[MATERIAL FOR THIS TASK Boundary: Start]
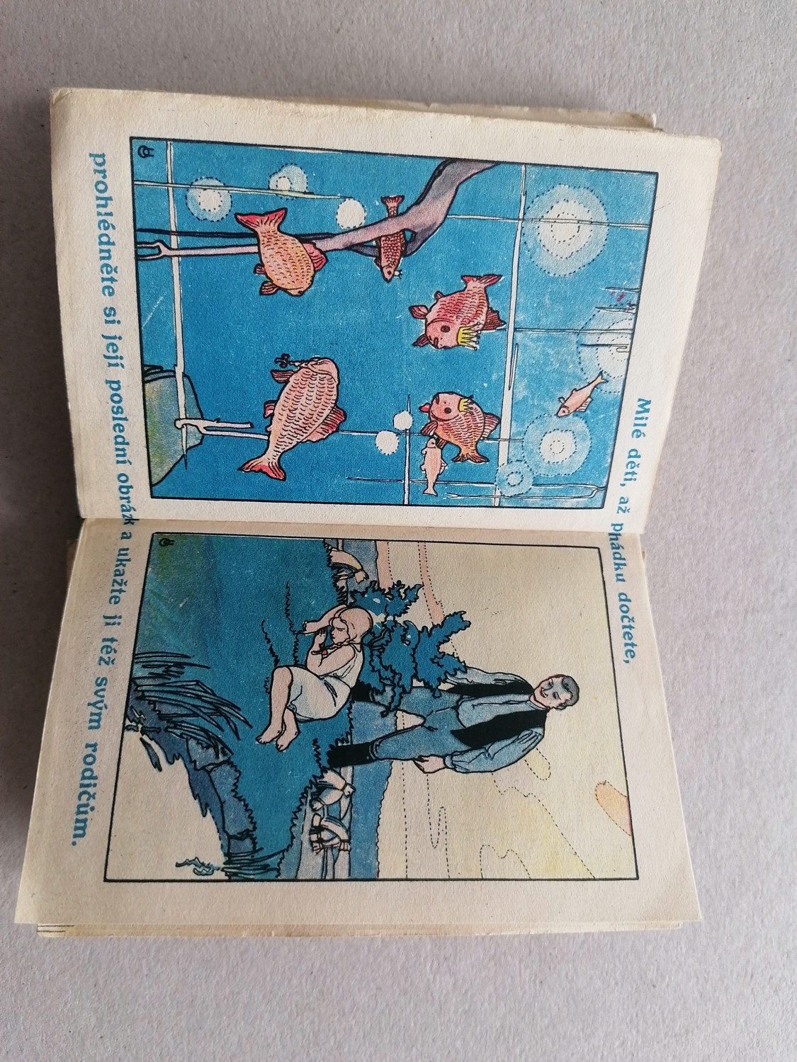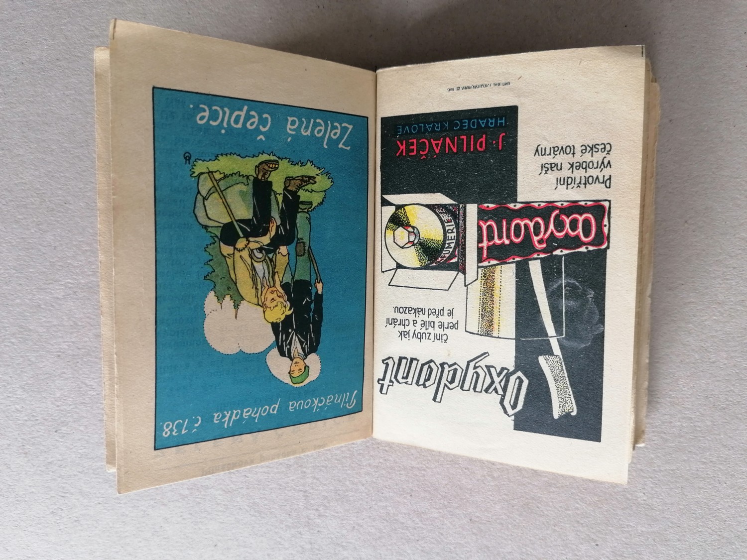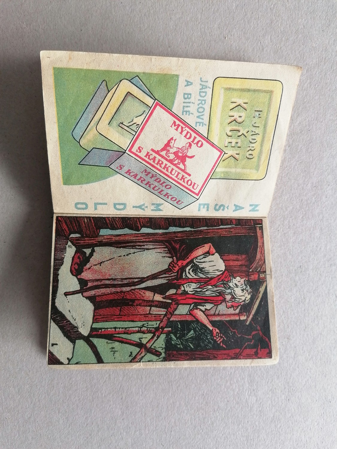 36 (ggt) Rozměr 8 x 11,5 cm. Krček – mýdlo smrček, Karel Kulík káva, kakao, čaj, Štefanka – cikorka, vločky Libín, Vita Togo, Triumph créme, Orientální mýdlo, Luka v Slaném, mýdlo s Karkulkou, Česká mouka, Chloe mýdlo Krček, Pilnáčkůvohol, Oxydont, Lanolia mýdlo vzácné vůně. Zelená čepice. Dva Robinsoni. Němeček. Jirka zbojník. Krásná princezna Zora. Divotvorný meč. Jak se ježek oholil. Vodní král. Král a bača a jiné pohádky. Mírně rozpadlá vazba.
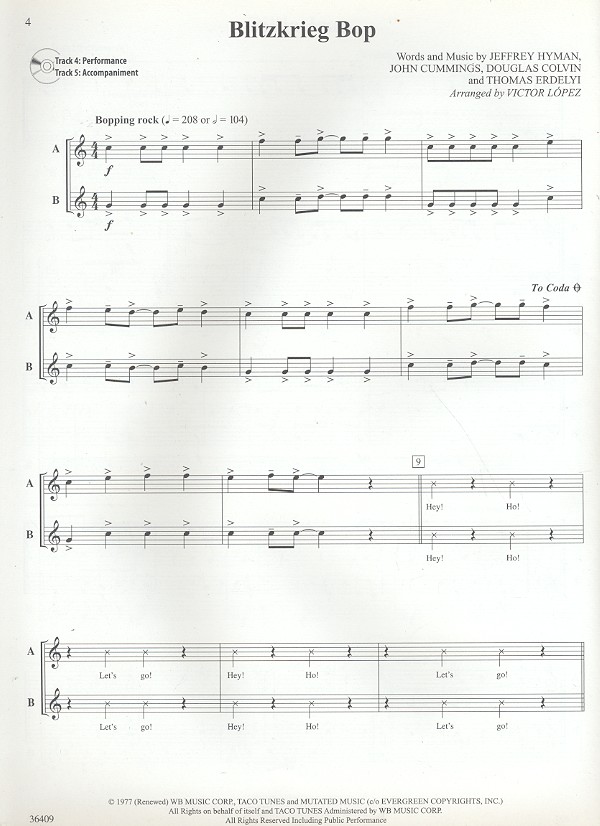 Billie Jean Blitzkrieg Bop Don't stop Believin' Eye of the Tiger Hey Baby Know your Enemy Let's get loud Open Arms I can't get no Satisfaction Wizard Wheezes You raise me up
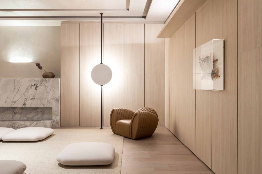 O piso estruturado de Carvalho Stone, fornecido pela Base Sólida, foi utilizado em todo o ambiente e combinado a uma lareira de pedra natural e mobiliário de linhas orgânicas distribuídos ao redor do tapete de rattan. A iluminação indireta acolhedora e os objetos decorativos que remetem à natureza completaram o espaço. A julgar a longa história do estilo Japandi e sua capacidade de permanecer relevante, este estilo continuará entre as tendências de décor por muito tempo.
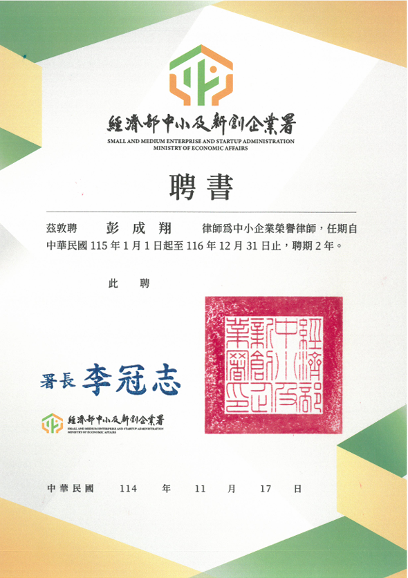為協助中小企業與新創事業因應經營過程中所面臨之各類法律問題,經濟部中小及新創企業署特別設立榮譽律師制度,並透過二年一度的嚴謹遴選程序,遴聘具備實務經驗與專業能力之律師,協助企業降低法遵風險、強化經營基礎。 本所彭成翔律師再度獲經濟部中小及新創企業署續聘,擔任115-116年度經濟部中小企業榮譽律師,未來將持續提供中小企業及新創事業即時的專業法律諮詢服務。 謹此感謝經濟部中小及新創企業署的信任與肯定,未來本所將陸續分享彭成翔律師參與相關服務之資訊,敬請關注。 彭律師個人簡介:點此觀看 中成法律專欄文章:點此觀看 聯絡窗口:02-2563-8900#212 吳小姐/zanewu17@jchlaw.com.tw
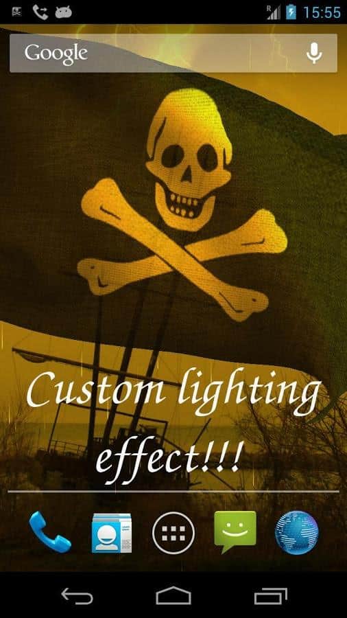 Pirate Flag Live Wallpaper – всем любителям пиратской тематики посвящается. 3D пиратский флаг на живых обоях для андроид планшетов будет гордо реять на экране вашего устройства. Выберите подходящий для себя флаг из 18 видов, установите фоновую картинку и аудио сопровождение, а так же много чего еще. Большое количество настроек и отличная анимация.
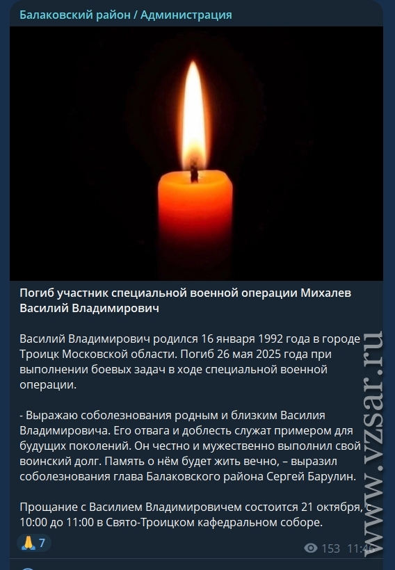 Также администрация Балаковского района рассказала, что завтра состоится прощание с погибшим Василием Михалевым.
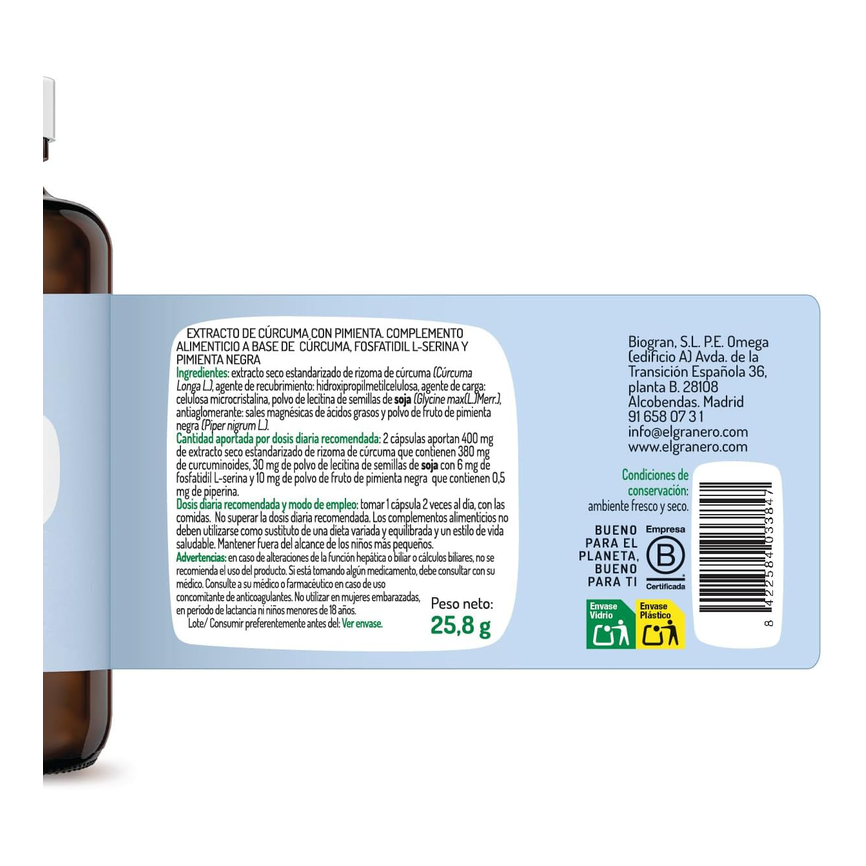 EXTRACTO DE CURCUMA CON PIMIENTA 60caps. EL GRANERO
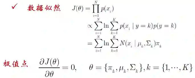 第三是如何通过似然的极大化估计模型中的参数,主要是均值、斜方差矩阵和混合比例。
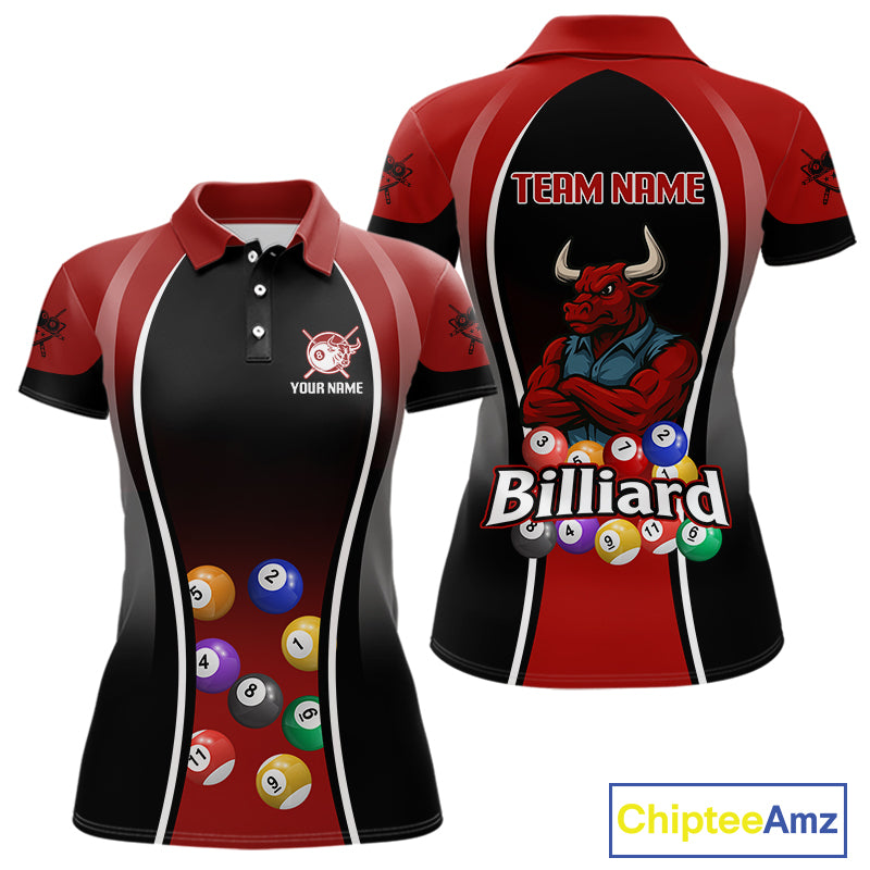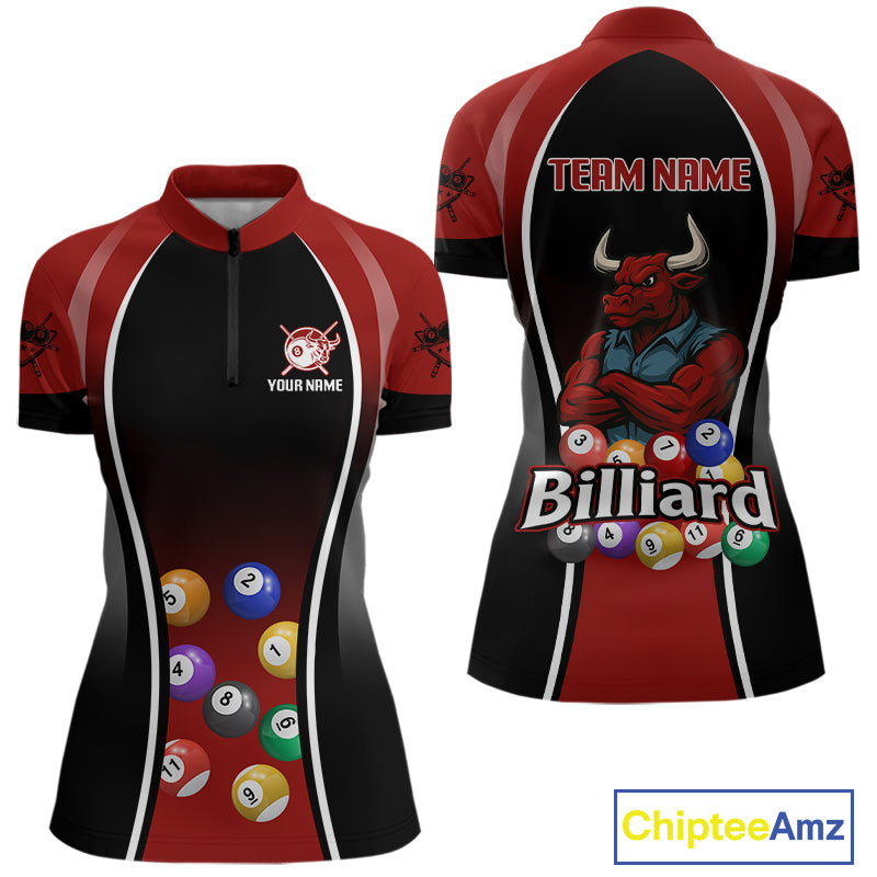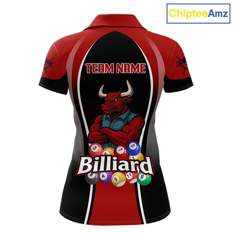 Red Funny Bull Pool Balls Women Billiard Polo & 1/4-Zip Apparel Custom Billiard Shirt Designs NYN2408
[MATERIAL FOR THIS TASK Boundary: End]
> [TASK ITEM]
Each line from the one with "EXTRACTO DE CURCUMA" through the end of the entries should be reproduced exactly. Leave out the pictures.

> [RESULT FOR THIS TASK]
 EXTRACTO DE CURCUMA CON PIMIENTA 60caps. EL GRANERO
 第三是如何通过似然的极大化估计模型中的参数,主要是均值、斜方差矩阵和混合比例。
 Red Funny Bull Pool Balls Women Billiard Polo & 1/4-Zip Apparel Custom Billiard Shirt Designs NYN2408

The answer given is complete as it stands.